Alternative edgeweights, such as those incorporating a score for likelihood of downstream signal transduction⁵ or those which take into account proximity information from spatial transcriptomics or histology-registered techniques¹⁴, may reveal additional patterns. For the purposes of this software program, Connectome defaults to the above edgeweights definitions because we have found them to be effective for understanding biological questions addressed in our studies.

Identification of edges of interest or significance

Statistical significance depends upon the question being asked, the test being applied, and the threshold for important differences, and has a very different meaning depending on whether a research team is investigating a single tissue, comparing multiple tissues, or studying a physiologic process. We find two general statistical patterns to be of key importance, and we have built-in functionality to Connectome to help the researcher focus on these patterns.

Single-tissue system

First, when studying a single tissue system (i.e., one organ in one condition), it is desirable to focus on those ligand–receptor interactions which are highly associated specific celltype-celltype pairings. To do so, we recommend limiting analysis to only those edges where the ligand and the receptor are both expressed in greater than a certain fraction of their respective clusters, generally 10%, and to then further limit analysis to those edges where both the ligand and the receptor have a p-value of less than a given threshold as determined by a system-wide Wilcoxon Rank Sum Test (calculated by default within CreateConnectome.) These thresholds can be further reduced within FilterConnectome, to identify those pathways of greatest significance, and can be crossed with additional thresholding to limit edge representation to specific vectors or signaling families (see vignettes online).

Two-tissue comparison

When comparing two tissue systems (i.e., one organ in two experimental conditions) it is generally interesting to focus on those mechanisms which, regardless of their association with a specific celltype-celltype vector, are differentially regulated across condition.

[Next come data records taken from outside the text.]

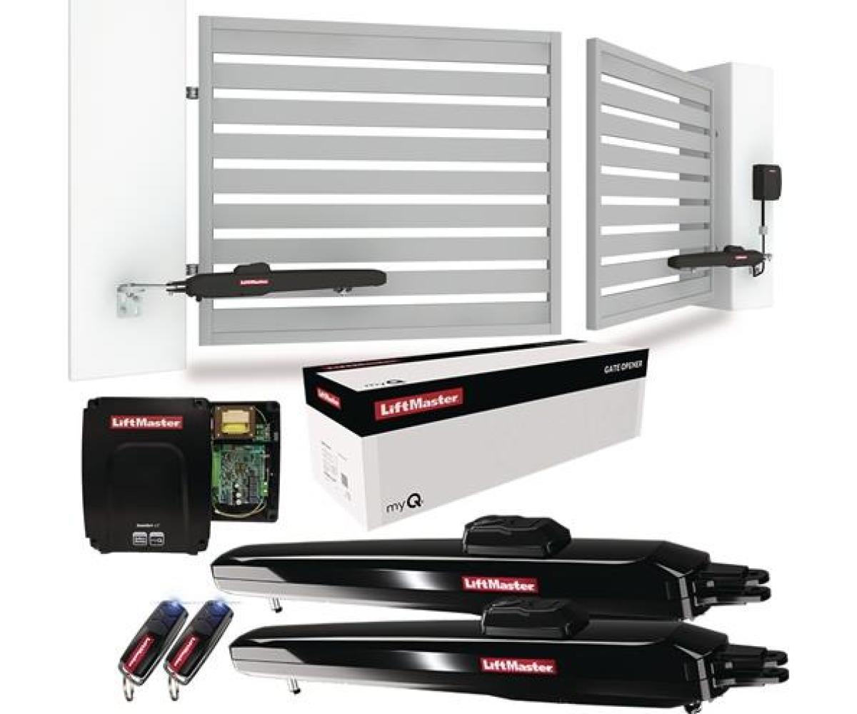 smartes Doppelflügeltoröffner-Kit · Schraubenstil 24V DC Antriebskit für Wohn-Doppelflügelschwingtore mit max. 300 kg Flügelgewicht oder 3 m Flügelbreite (max. 6 m Öffnungsbreite mit 2 Flügeln) · myQ bereit für die Smartphone-Steuerung, erfordert LiftMaster myQ Gateway 828EV und ein Paar Lichtschranken 772E-01 · max. Toröffnung von 120° · Torgewicht bei max. Flügelbreite: 300kg / 2m, 250kg / 2,5m, 200kg / 3m Öffnungszeit 90°: ? 15-18s · max. Zyklen 10/30 h/Tag · Motoren IP44, Steuerplatine IP65 · Energieeinsparung durch niedrigen Standby von 4,2 W
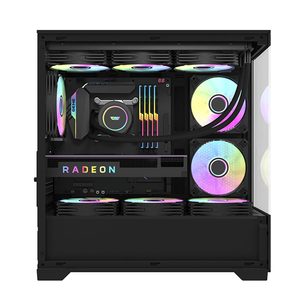 ✅ این کیس بهصورت پیشفرض با ۳ عدد فن ARGB نصبشده عرضه میشود و قابلیت نصب حداکثر ۹ فن 120 میلیمتری (یا ترکیبی از 6×120 + 2×140) را دارد. همین ویژگی خنککنندگی عالی را حتی در سیستمهای سنگین گیمینگ تضمین میکند.
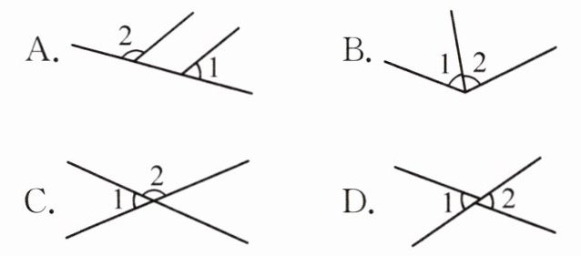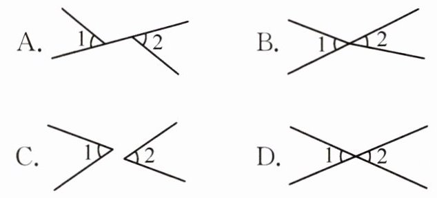 5. 下列各图中,可以判定$\angle 1与\angle 2$是对顶角的是 【 】
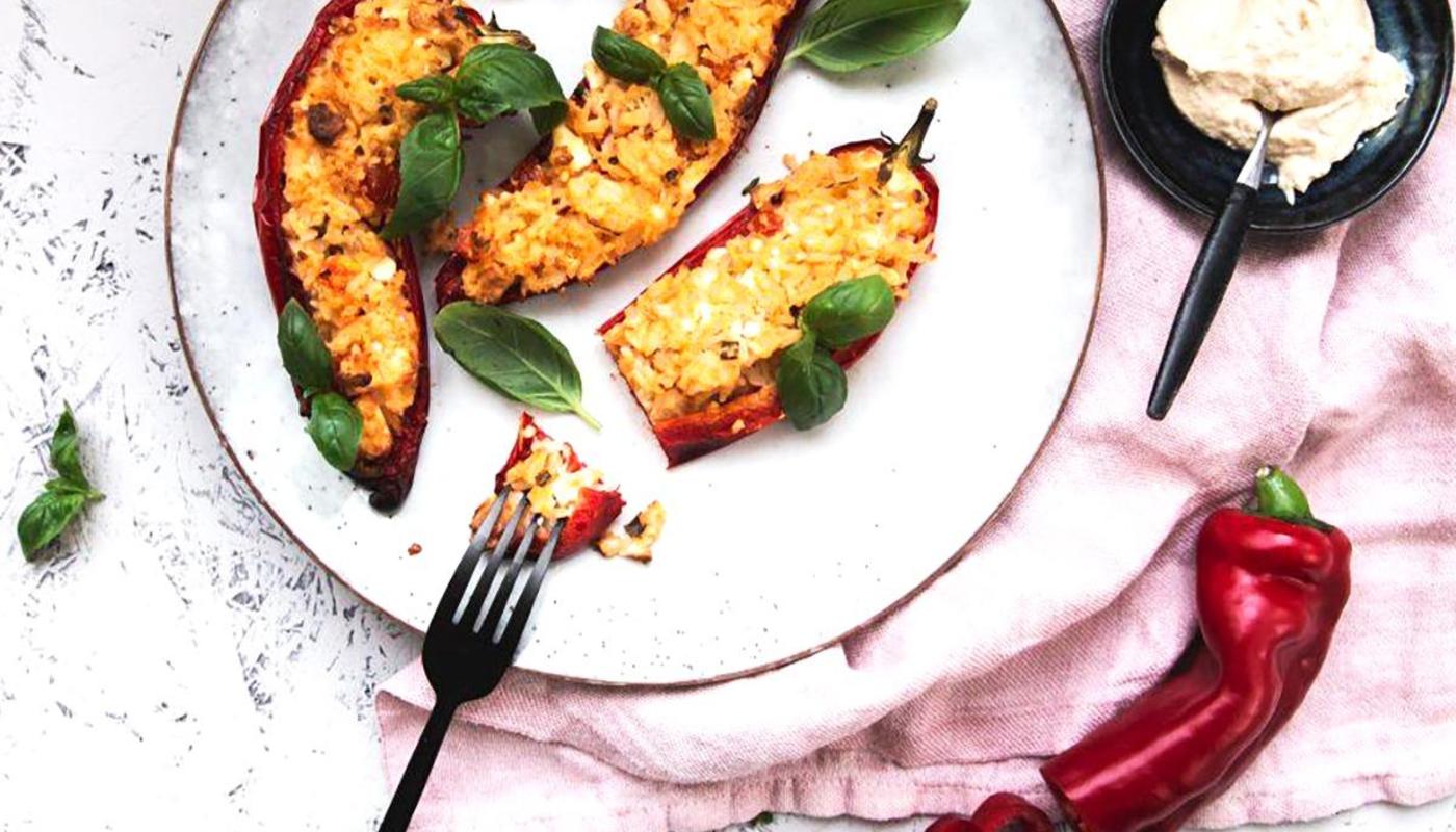 - Fyll paprikorna med ris-hummusblandningen och grädda i 200 gradig ugn i ca 30 minuter.
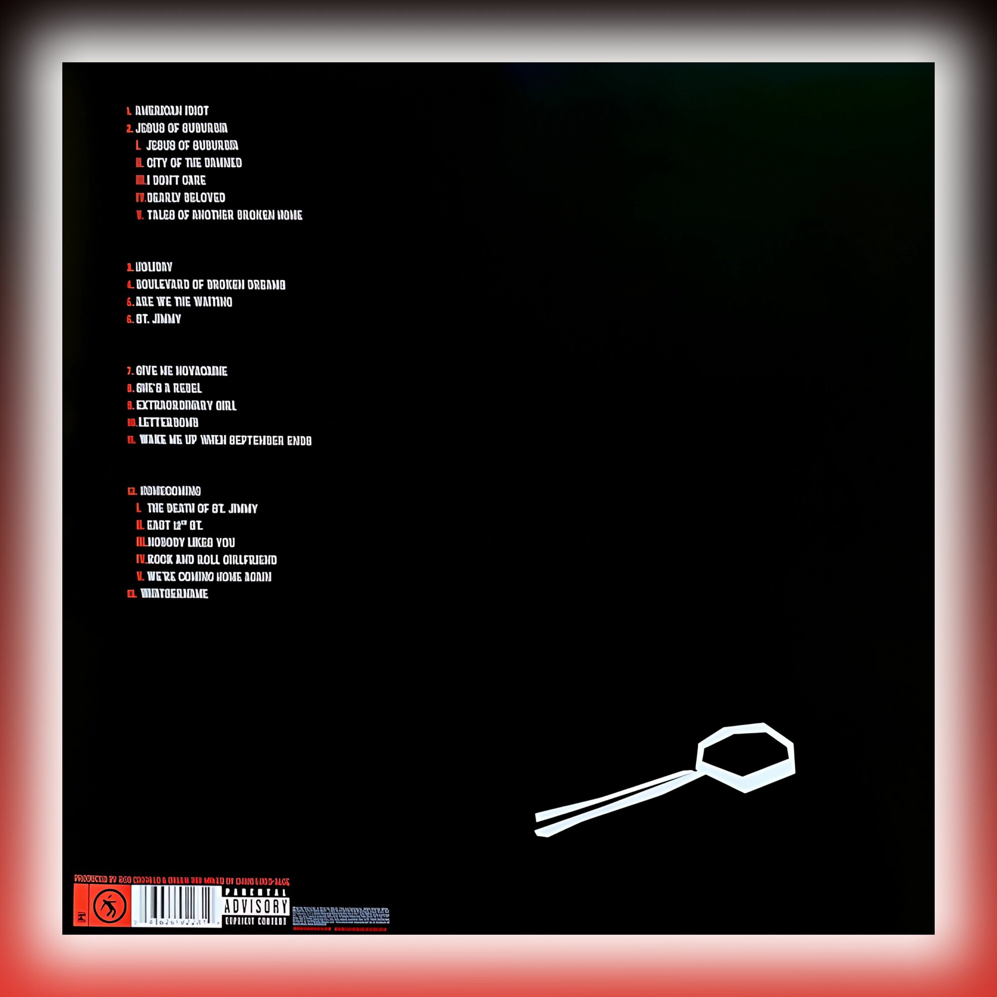 | Треклист | A1 American Idiot 2:54 B1.I Jesus Of Suburbia B1.II City Of The Damned B1.III I Don't Care B1.IV Dearly Beloved B1.V Tales Of Another Broken Home 9:08 C1 Holiday 3:52 C2 Boulevard Of Broken Dreams 4:20 C3 Are We The Waiting 2:42 C4 St. Jimmy 2:55 C5 Give Me Novacaine 3:25 C6 She's A Rebel 2:00 C7 Extraordinary Girl 3:33 C8 Letterbomb 4:06 C9 Wake Me Up When September Ends 4:45 D1.I I The Death Of St. Jimmy D1.II East 12th St. D1.III Nobody Likes You D1.IV Rock And Roll Girlfriend D1.V We're Coming Home Again 9:18 D2 Whatsername 4:12 |

The vignette online shows how to use a Wilcoxon Rank Sum test to compare each pair of commensurate cells across two datasets and to thereby determine which ligands and which receptors are differentially expressed to a statistically significant degree. The differential connectome can then be thresholded to only those edges where both the ligand on the sending cell and the receptor on the receiving cell are differentially expressed between experimental conditions. All differential connectomics presented and discussed in this manuscript and online utilize this statistical approach.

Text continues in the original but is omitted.